= Thomas Duve =

German legal historian (born 1967)

Thomas Duve (born April 24, 1967) is a German jurist and historian. He is a law professor at Goethe University Frankfurt and director of the Max Planck Institute for Legal History and Legal Theory of the Max Planck Society since 2009.

== Biography ==
Duve studied law and philosophy at Heidelberg University, Pontifical Catholic University of Argentina, LMU Munich and Munich School of Philosophy. He passed his Staatsexamen in 1994 and finished his doctoral thesis at LMU Munich, titled Normativität und Empirie im öffentlichen Recht und der Politikwissenschaft um 1900. Historisch-systematische Untersuchung des Lebens und Werks von Richard Schmidt (1862–1944) und der Methodenentwicklung seiner Zeit. His Doktorvater was the legal historian and canonist Peter Landau.

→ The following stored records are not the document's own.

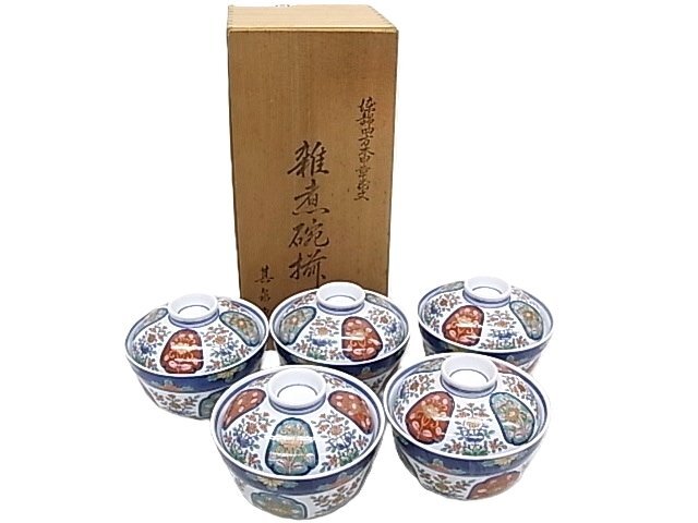 > k0583 雑煮椀揃 有田焼 其泉窯 蓋つき 茶碗 5客 どんぶり 正月 和食器 共箱
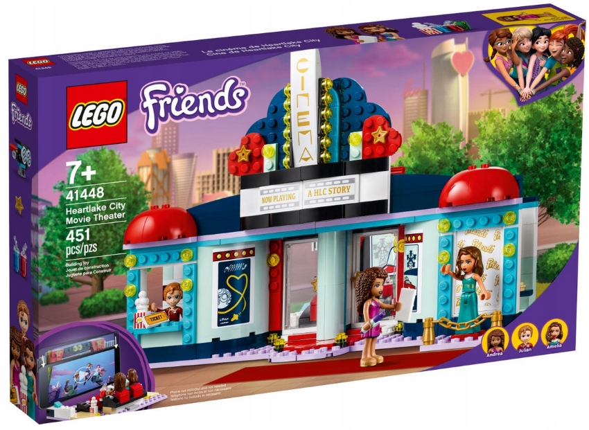 - Hračka obsahuje pokladnu a červený koberec na jedné straně a díky pantům se otevírá a vytváří promítací sál, toaletu a stánek s popcornem. V krabici je minipanenka Andrea LEGO Friends a dvě další mini panenky.
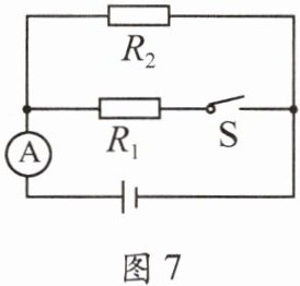 10. (2024·北京)在如图7所示的电路中,电源电压恒定,R₁=4R₂。当开关S断开时,电流表的示数为I₁;当开关S闭合时,电流表的示数为I₂。由此可得,I₁:I₂等于 (
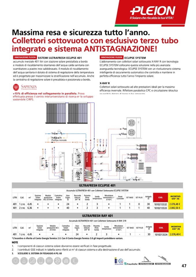 L’abbinamento con collettori solari sottovuoto X-RAY R con tecnologia
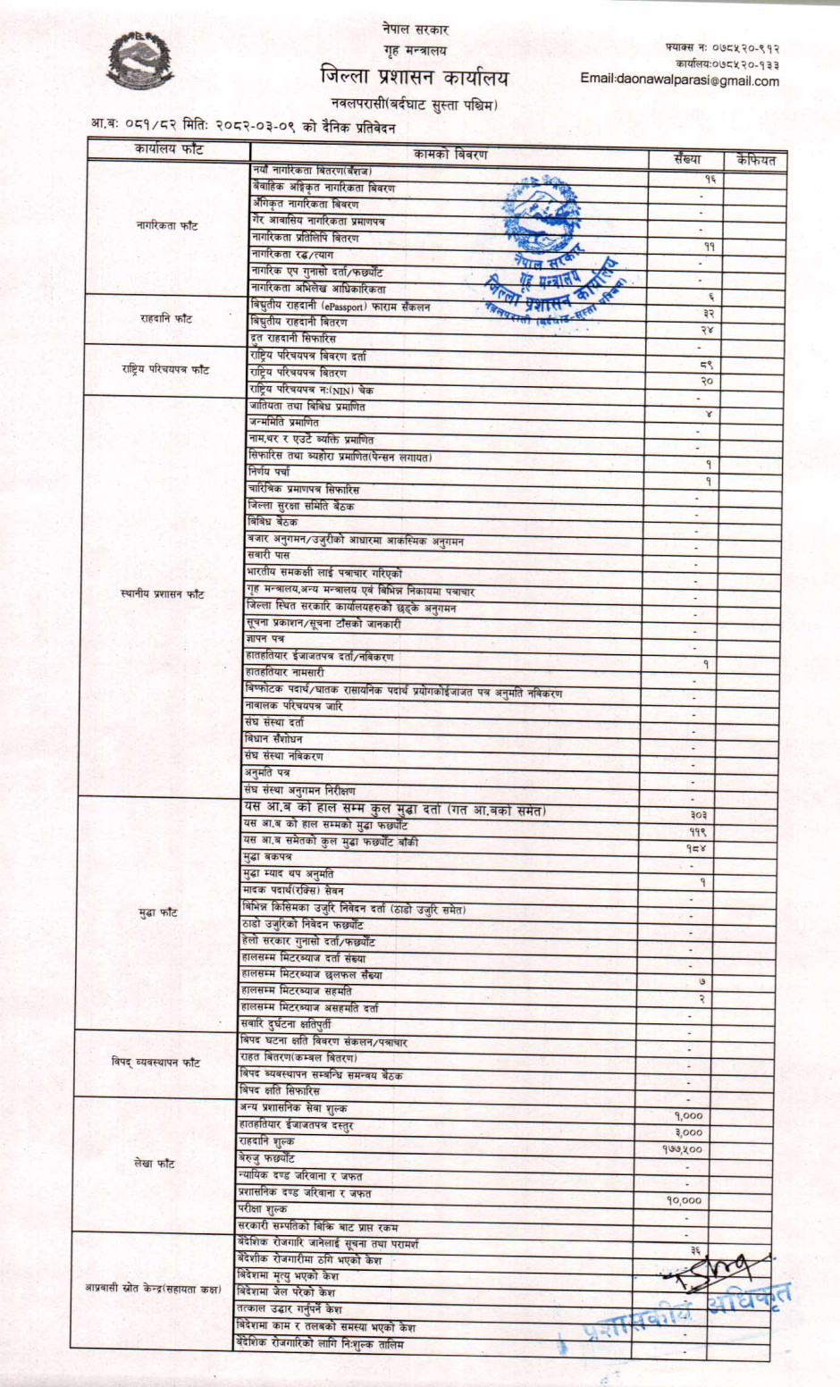 तस्बिर : मिति २०८२।०३।०९ गतेका दिन सम्पादित गरिएका कार्यको संख्यात्मक विवरण
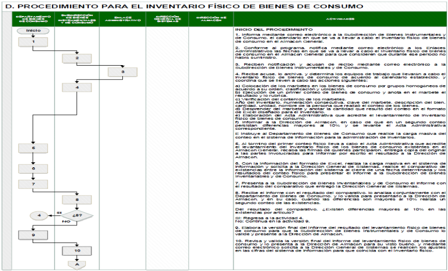 | Subdirección de Bienes Instrumentales y de Consumo | 4. Recibe acuse, lo archiva, y determina los equipos de trabajo que llevarán a cabo el inventario físico de bienes de consumo de acuerdo al calendario establecido, y coordina que se lleven a cabo las acciones siguientes: a) Colocación de los marbetes en los bienes de consumo por grupos homogéneos de acuerdo a su orden, clasificación y ubicación. b) Ejecución de un primer conteo de bienes de consumo y anota en el marbete el resultado y lo rubrica. c) Verificación del contenido de los marbetes. Año del inventario, numeración consecutiva, clave del marbete, descripción del bien, cantidad, unidad, nombre de la persona que realizó el conteo de los bienes. d) Desprender del marbete y anotar la cantidad que resultó del conteo en el formato de Excel diseñado para el inventario. e) Elaboración del Acta Administrativa que acredite el levantamiento de inventario físico de bienes de consumo. f) Informar a la Dirección de Almacén, en caso de que en un segundo conteo persistan diferencias mayores al 10% y se levante el Acta Administrativa correspondiente. E instruye al Departamento de Bienes de Consumo que realice la carga masiva del conteo en el sistema de información para la administración de inventarios. | Acuse de Correo electrónico Marbetes Acta Administrativa |
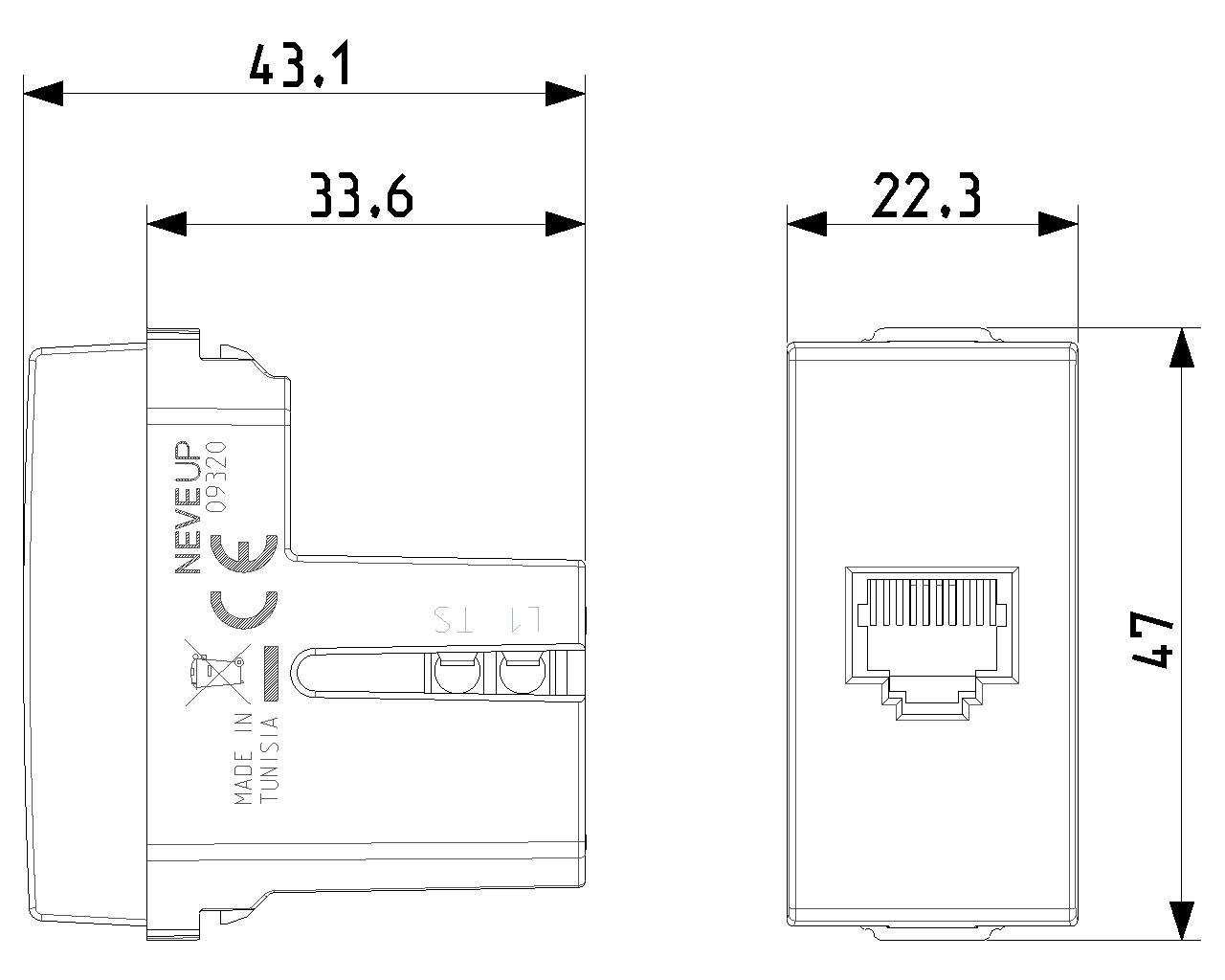 09320 изготавливается брендом Vimar, относящаяся к коллекции NEVE UP.

Duve habilitated at LMU Munich in 2004/2005. He received veniae legendi for civil law, German legal history, historical comparative law, philosophy of law and canon law. The habilitation thesis Sonderrecht in der Frühen Neuzeit. Das frühneuzeitliche ius singulare, untersucht anhand der privilegia miserabilium personarum, senum und indorum in Alter und Neuer Welt was published in 2008.

At the UCA in Buenos Aires, Duve was Professor of Legal History from 2005 to 2009. He has also been vice-director of the Institute for the History of Indian Canon Law since 2006 and associate professor of the Faculty of Canon Law at the UCA until 2009. That same year, he was appointed Director of the Max Planck Institute for European Legal History of the Max Planck Society in Frankfurt. Simultaneously he became a professor for Comparative Legal History at Goethe University Frankfurt.

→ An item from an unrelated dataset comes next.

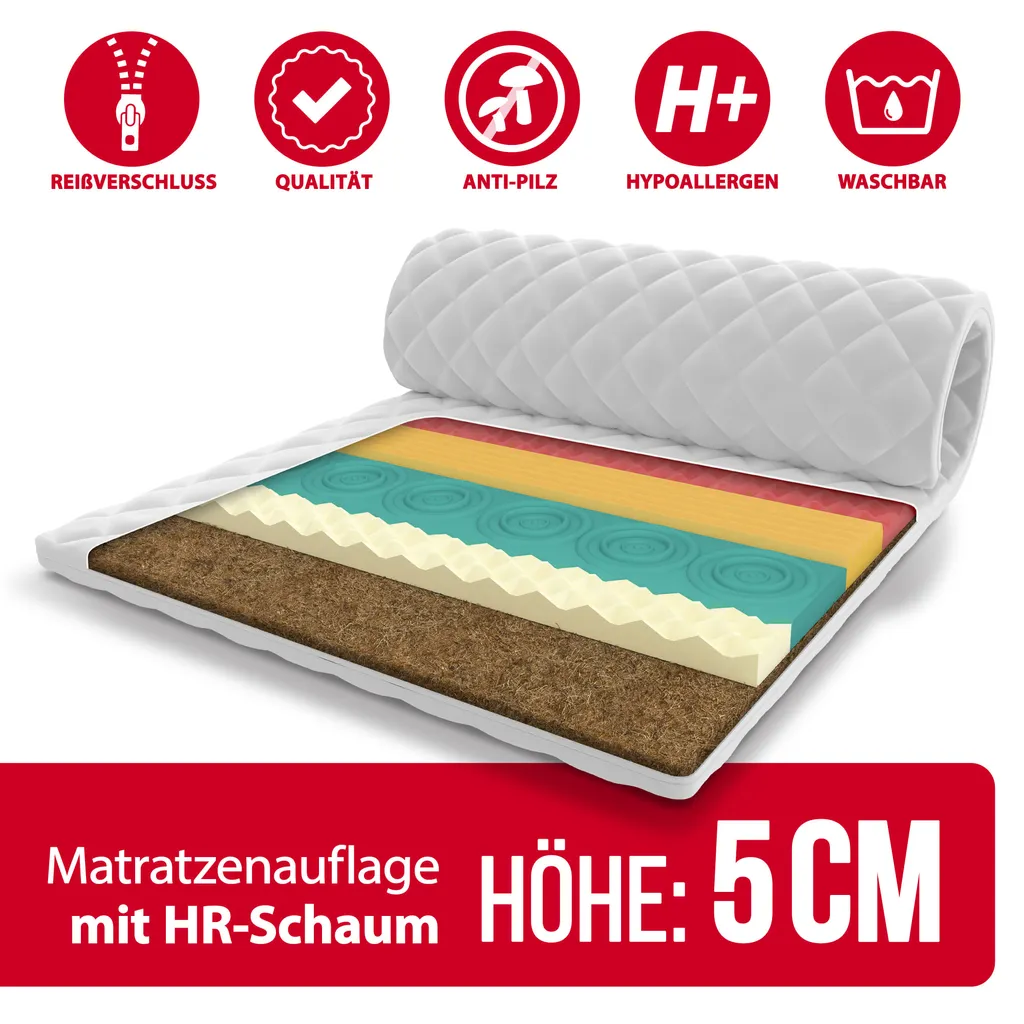 Topper 180 X 200 Cm Matratzenauflage Mit HR-Schaum Kokos 7 Zonen Höhe Ca 5 Cm H3 H4 Matratzenschoner Premium Bezug

He also served as the executive chair of the LOEWE focus on „Außergerichtliche und gerichtliche Konfliktlösung“ (Extrajudicial and Judicial Conflict Resolution), an interdisciplinary collaborative research project within the framework of the Hessian Excellence Programme, from 2012 to 2014.

Duve is among others a Member of the advisory board of Iuris Canonici Medii Aevi Consociatio (ICMAC) and of the Stephan-Kuttner-Institute of Medieval Canaon Law. He is also an academic Member of Academia Europaea, Max Planck Society, Akademie der Wissenschaften und der Literatur, National Academy of History of Argentina, Instituto de Investigaciones de Historia del Derecho and Instituto Internacional de Historia del Derecho Indiano.

In 2023, he was appointed honorary professor at the Chinese University of Political Science and Law (CUPL) in Beijing.

He is a (co-)editor of several publication series and journals, including the *Max Planck Studies in Global Legal History of the Iberian Worlds* (Brill), the series China – Normen, Ideen, Praktiken (campus), the blog Legal History Insights, and a member of various scholarly associations, academies, and research networks (see full CV).

== Research ==
Duve became director at the Max Planck Institute for European Legal History in 2009, taking over from Michael Stolleis. Until the end of 2021, he led the Institute as executive director, which meant that he was also responsible for the entire Institute. His successor as executive director was the newly appointed Marietta Auer, who joined the Institute in 2021. Under Duve, the name of the Institute also changed to Max Planck Institute for Legal History and Theory, whereby the global perspective on legal history also became visible in the title.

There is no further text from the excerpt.